§ WHAT YOU HAVE TO DO
Every line from the one bearing "L’Agence Nationale pour" through the last line of the records below is to be output exactly, and no other line; leave out the pictures.

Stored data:
○ ○ ○

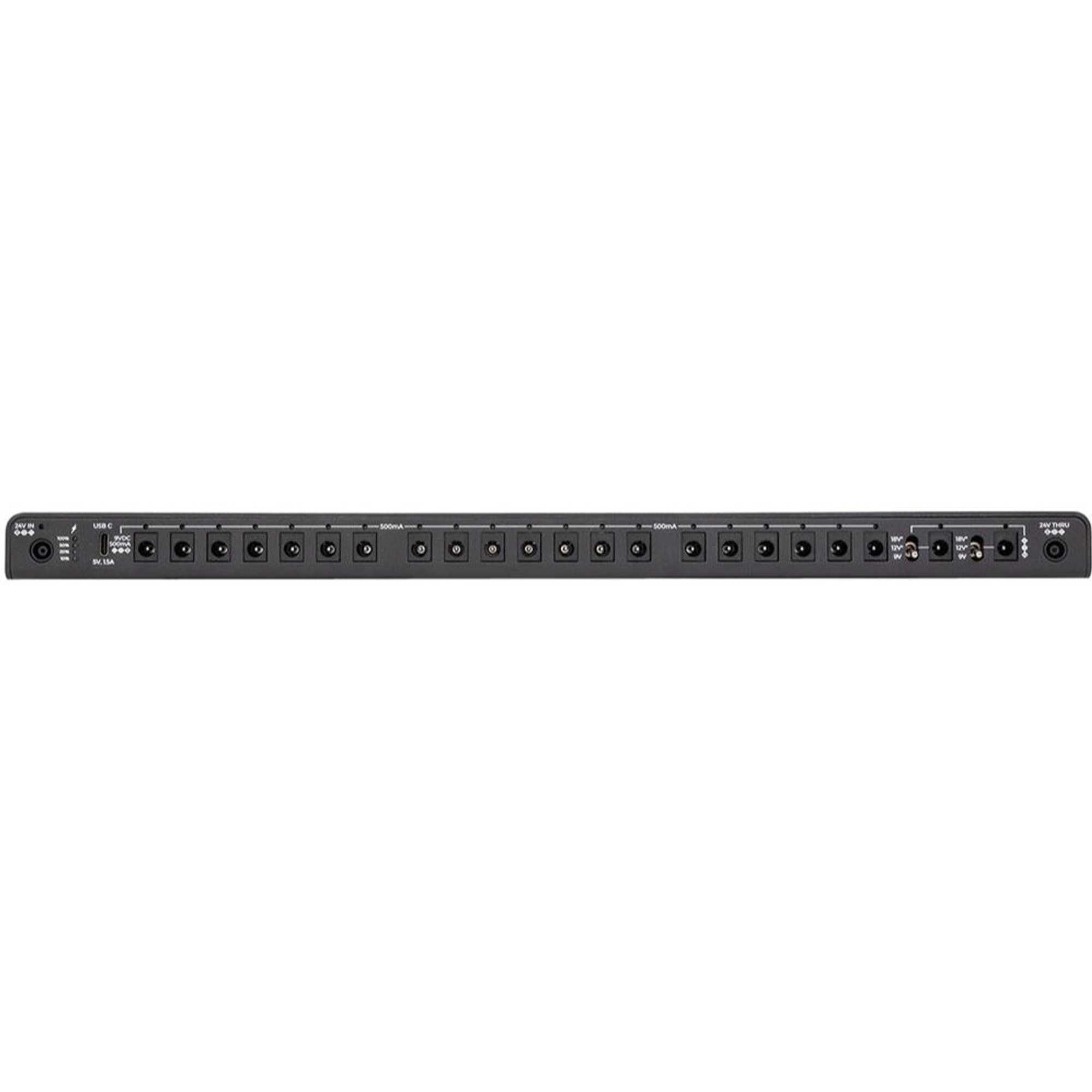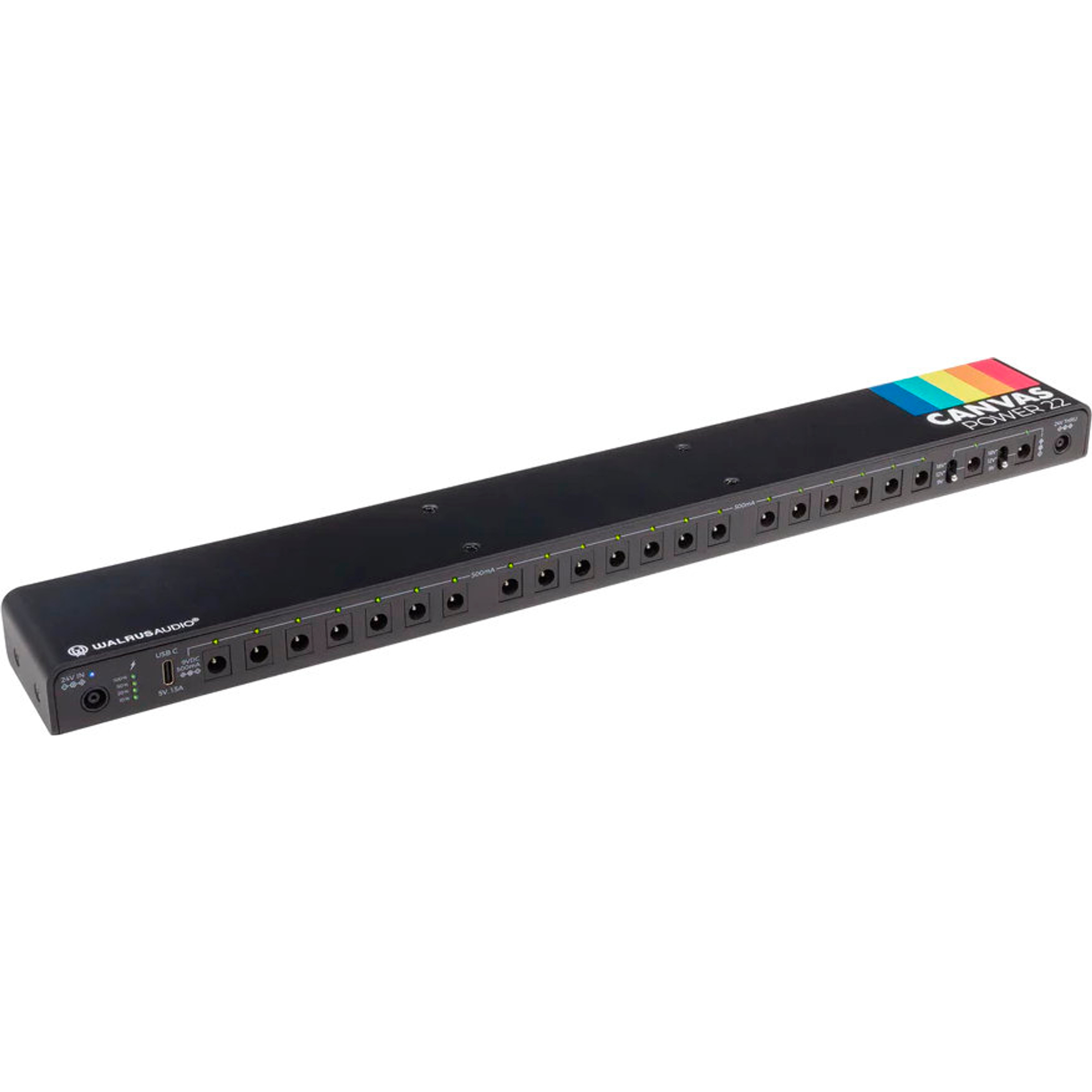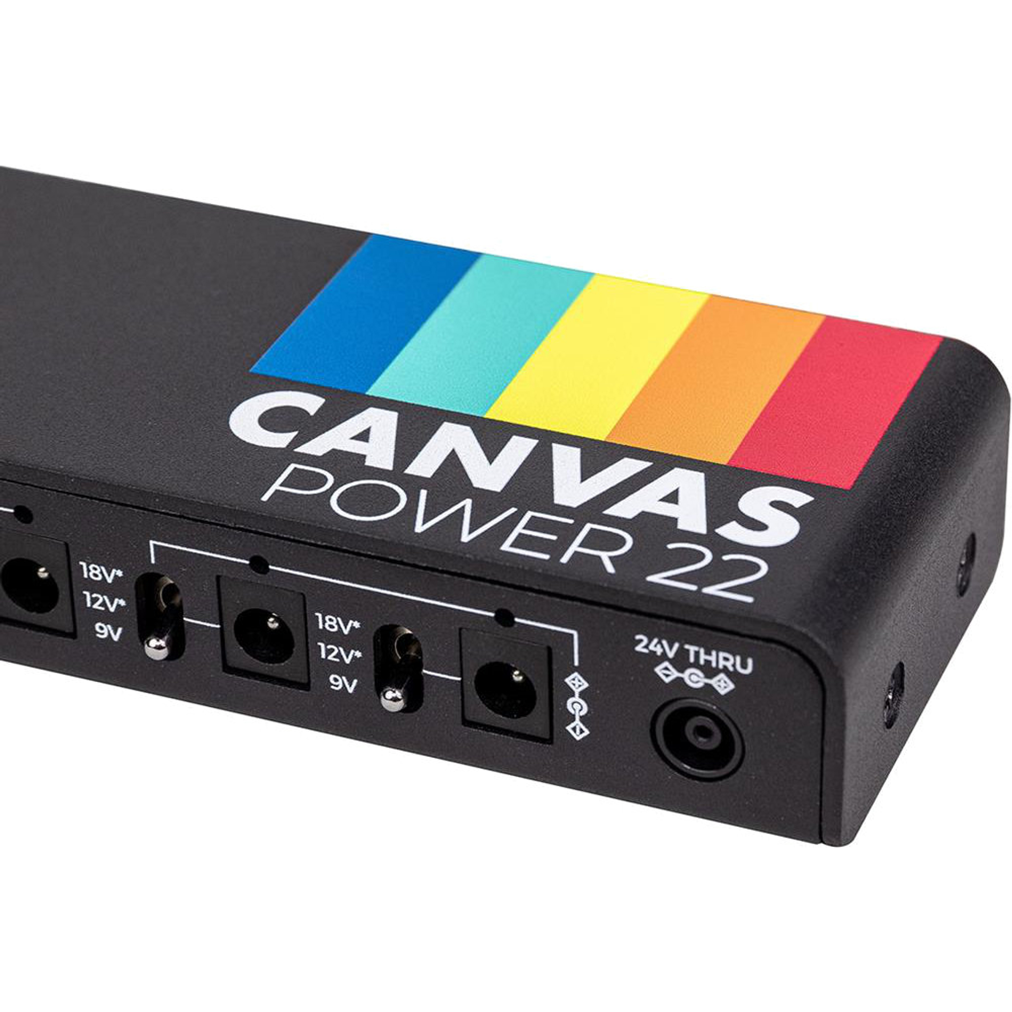 Le Canvas Power 22 offre 22 sorties d'alimentation isolées fournissant jusqu'à 500 mA de courant « propre » en 9 V. Deux sorties ont une tension variable, te permettant de commuter entre 9 V, 12 V et 18 V pour alimenter des pédales haute tension. Il dispose aussi d'un port USB-C pour alimenter des appareils comme ton téléphone ou ta tablette pendant que tu joues.
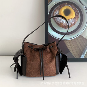 小众设计多口袋蝴蝶结驼绒水桶包2025秋冬新款通勤百搭手提斜挎包
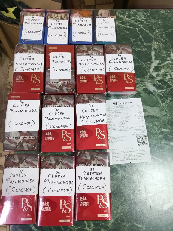 «Мы отчитываемся за каждый перевод! Вот и в этот раз, закупили и подписали сигареты в память о Сергее Филимонове. За эту неделю у нас две отправки гуманитарной помощи ребятам, сигареты отправили на два направления! Пусть наши защитники помянут ребят, погибших за Родину! Присоединяйтесь, пожалуйста! Сигарет на фронте много не бывает. А мы готовимся к следующей отправке, которая состоится в ближайшие дни».
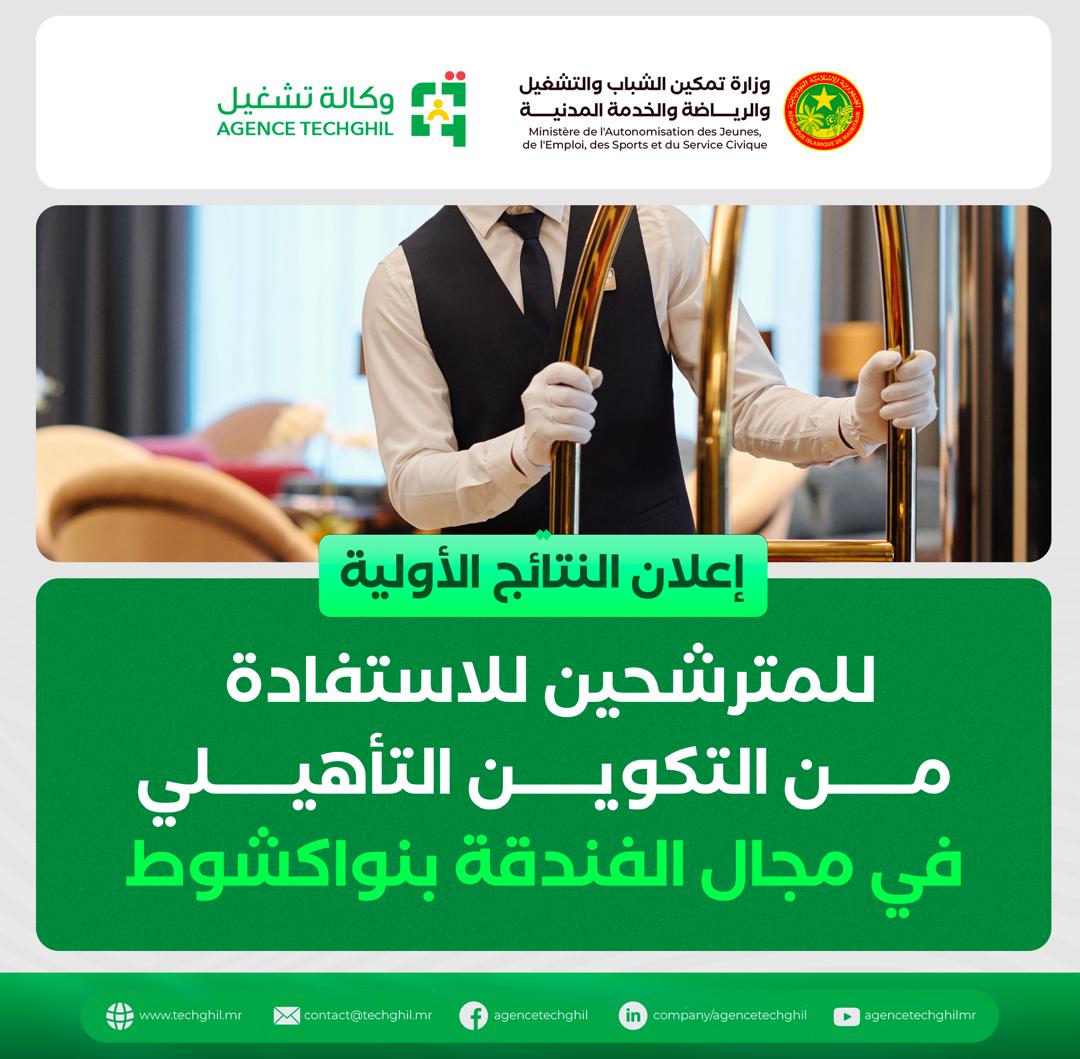 L’Agence Nationale pour l’Emploi (TECHGHIL) porte à la connaissance des candidats à la formation qualifiante dans le domaine de l’hôtellerie, qui sera organisée à Nouakchott, que, suite à la présélection automatique, une liste de 10 candidats a été retenue.
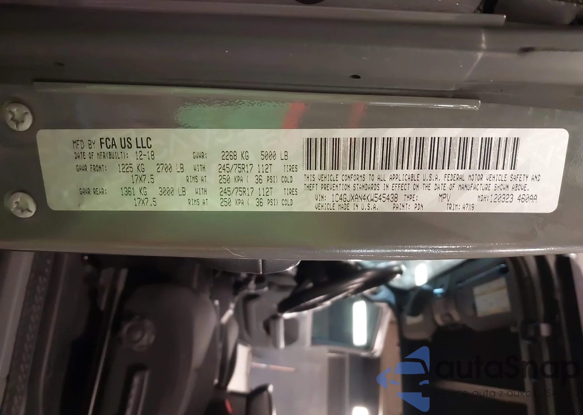 • VIN KL7CJNSBXMB346439
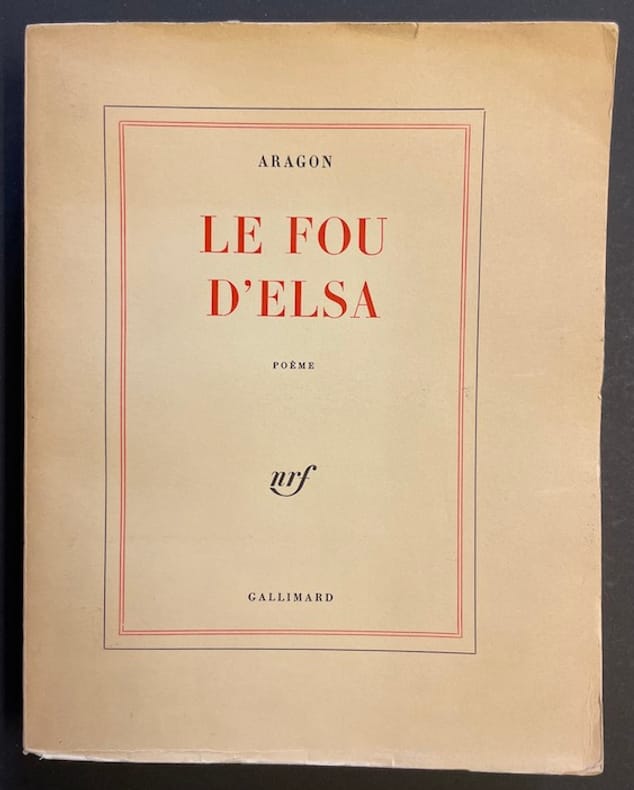 Le Fou d’Elsa - Louis Aragon - Gallimard 1963 1 volume broché format 19 x 23,5 - couverture souple - 458 pp. - 1ère édition sur papier courant - envoi autographe de l'auteur en page de faux-titre État correct, couverture défraichie (dos bruni et plissé, rousseurs aux plats, fente au bord supérieur du 1er plat et plissures dans le coin inférieur), reliure toujours solide et intérieur frais.
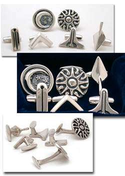 Created in solid Sterling Silver with black antique. The set has specially designed solid shirt stud pegs on the back and a custom cufflink design, for "french style" long cuffs, which is also solid. The shapes of both of these fixtures are designed to sit properly in the buttonhole on the breast or the sleeve, and not to have any moving parts, so they should last a long time.
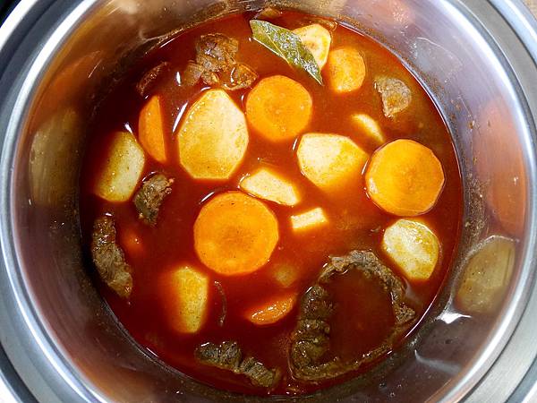 6.取一電鍋,(內鍋)放進步驟5已完成的炒料、紅蘿蔔塊、馬鈴薯塊、高湯。(外鍋)加進2米杯水量,重複進行3-4次至牛腱心軟熟,耗時約90-120分鐘。燉煮完成時,加進【調味料B】拌勻,再續燜10分鐘即完成。
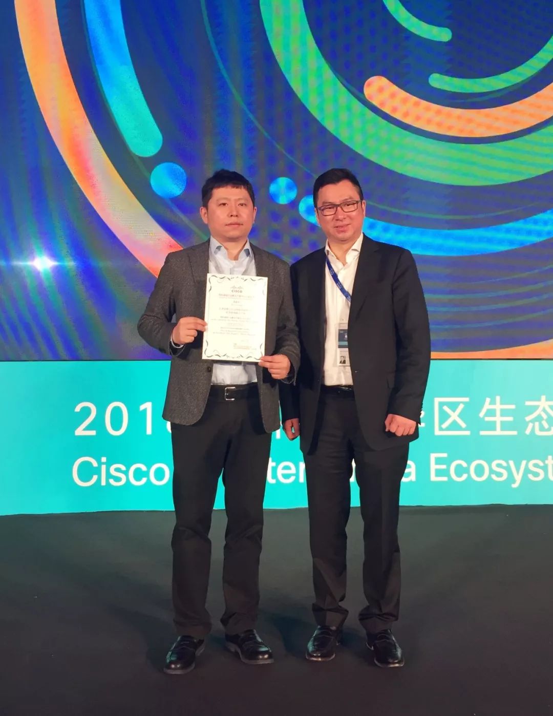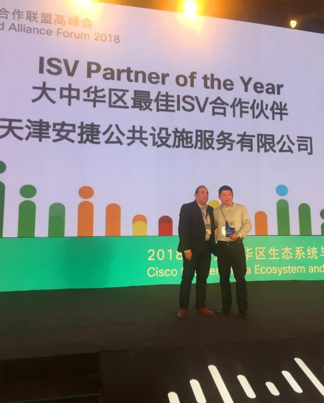 本次峰會上,思科卓越行業(yè)解決方案中心特授予天津安捷公共設施服務有限公司“能源管理解決方案”認證證書,并且為安捷頒發(fā) ISV Partner of the Year“大中華區(qū)最佳ISV合作伙伴”榮譽獎項。
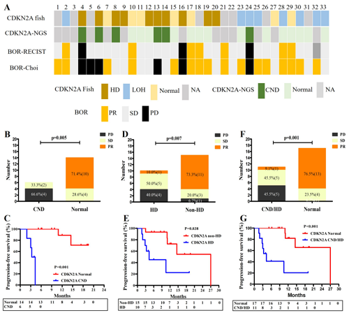 探索性研究发现,CDKN2A基因突变与脊索瘤患者的不良预后相关。研究结果显示,CDKN2A拷贝数缺失(CND)是一个重要的生物标志物。通过对脊索瘤标本进行CDKN2A荧光原位杂交(FISH)检测及进一步验证,这些基因改变的患者疾病进展率高于未改变的患者,且PFS缩短。这一结果提示未来CDKN2A可能在指导脊索瘤个体化治疗起到积极作用。
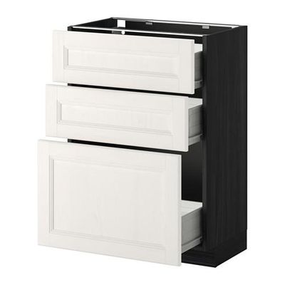 МЕТОД / ФОРВАРА Напольный шкаф с 3 ящиками - 60x37 см, Лаксарби белый, под дерево черный

○ ○ ○

§ ANSWER BELOW
 L’Agence Nationale pour l’Emploi (TECHGHIL) porte à la connaissance des candidats à la formation qualifiante dans le domaine de l’hôtellerie, qui sera organisée à Nouakchott, que, suite à la présélection automatique, une liste de 10 candidats a été retenue.
 • VIN KL7CJNSBXMB346439
 Le Fou d’Elsa - Louis Aragon - Gallimard 1963 1 volume broché format 19 x 23,5 - couverture souple - 458 pp. - 1ère édition sur papier courant - envoi autographe de l'auteur en page de faux-titre État correct, couverture défraichie (dos bruni et plissé, rousseurs aux plats, fente au bord supérieur du 1er plat et plissures dans le coin inférieur), reliure toujours solide et intérieur frais.
 Created in solid Sterling Silver with black antique. The set has specially designed solid shirt stud pegs on the back and a custom cufflink design, for "french style" long cuffs, which is also solid. The shapes of both of these fixtures are designed to sit properly in the buttonhole on the breast or the sleeve, and not to have any moving parts, so they should last a long time.
 6.取一電鍋,(內鍋)放進步驟5已完成的炒料、紅蘿蔔塊、馬鈴薯塊、高湯。(外鍋)加進2米杯水量,重複進行3-4次至牛腱心軟熟,耗時約90-120分鐘。燉煮完成時,加進【調味料B】拌勻,再續燜10分鐘即完成。
 本次峰會上,思科卓越行業(yè)解決方案中心特授予天津安捷公共設施服務有限公司“能源管理解決方案”認證證書,并且為安捷頒發(fā) ISV Partner of the Year“大中華區(qū)最佳ISV合作伙伴”榮譽獎項。
 探索性研究发现,CDKN2A基因突变与脊索瘤患者的不良预后相关。研究结果显示,CDKN2A拷贝数缺失(CND)是一个重要的生物标志物。通过对脊索瘤标本进行CDKN2A荧光原位杂交(FISH)检测及进一步验证,这些基因改变的患者疾病进展率高于未改变的患者,且PFS缩短。这一结果提示未来CDKN2A可能在指导脊索瘤个体化治疗起到积极作用。
 МЕТОД / ФОРВАРА Напольный шкаф с 3 ящиками - 60x37 см, Лаксарби белый, под дерево черный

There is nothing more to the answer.